In the automotive industry, the amount of consumption of aluminum alloy materials and other non-ferrous metal alloy materials, such as plastic materials, synthetic carbon fiber materials, glass fiber materials and bonding materials is increasing, and that of diamond coated tools is also increasing as well. Polycrystalline diamond cutters are tool materials which are often used to cut high hardness materials in recent years. Moreover, it has better performance than carbide tool in wood processing industry.

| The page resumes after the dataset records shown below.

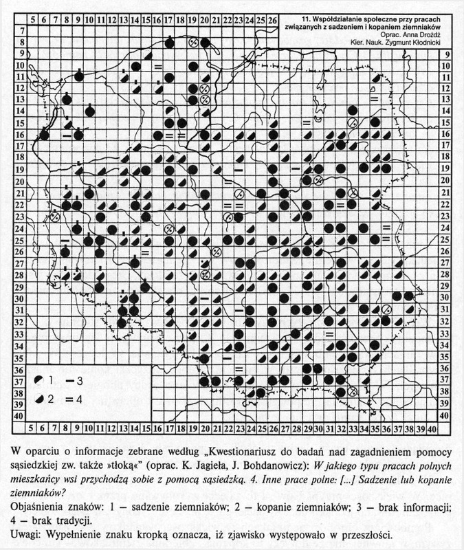 Współdziałanie społeczne przy pracach związanych z sadzeniem i kopaniem ziemniaków / Komentarze do Polskiego Atlasu Etnograficznego (mapy)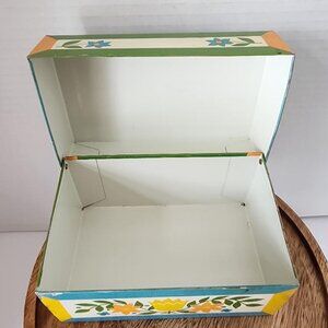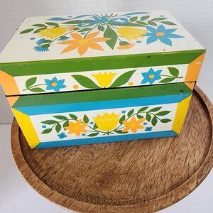 Syndicate Mfg Tin Metal Recipe Box 3x5 Card Holder Trinket Retro Dutch Floral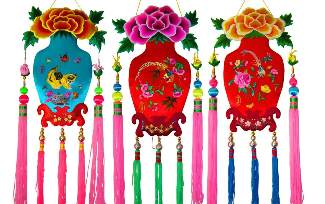 牡丹为我国著名花卉,花朵硕大,雍容华贵,被称为“万花一品”。花瓶在庆阳民俗艺术中是经常表现的题材,取象于瓶子的造型,鼓腹象征为母体,意在子孙繁衍。庆阳的刺绣艺人常以牡丹与花瓶为组合,寓意“富贵平安”与“子孙昌盛”。国家级传承人贺梅英的这组牡丹花瓶,在花瓶的腹部还绣有“猫扑蝶”“喜鹊弄梅”“凤凰戏牡丹”的图案,更加凸显生命繁衍兴盛,生活幸福美满的美好祈愿。

The machining cost of polycrystalline diamond cutter is very high, and the price of its roughcast is also very expensive. The cutting operation with polycrystalline diamond cutters is time-consuming and laborious, and the rejection rate is quite high. In addition to the manufacturing errors of geometry and size, due to the high brittleness of polycrystalline diamond materials, it is very easy to break the gap on the cutting edge, which is the description of the difficulty in polycrystalline diamond cutters production and processing from precision tool manufacturers. In the development of polycrystalline diamond cutters, it is possible to solve such a problem more economically and with higher quality.
Polycrystalline diamond is a kind of sintered synthetic diamond billet. It has the structure shape of metal cutting tool, and is made of hard material (tungsten carbide). This kind of metal-based cutting material has a certain conductivity, which makes it possible for polycrystalline diamond cutting tools to be electro-corrosive wire cutting or electro-corrosive machining. One of the important tasks of electrochemical etching is to process qualified blades on sintered polycrystalline diamond roughcasts. Another problem that needs to be solved in the electrochemical etching machining is that the polycrystalline diamond cutter installed in the cutter body has to be grinded again to make it sharper.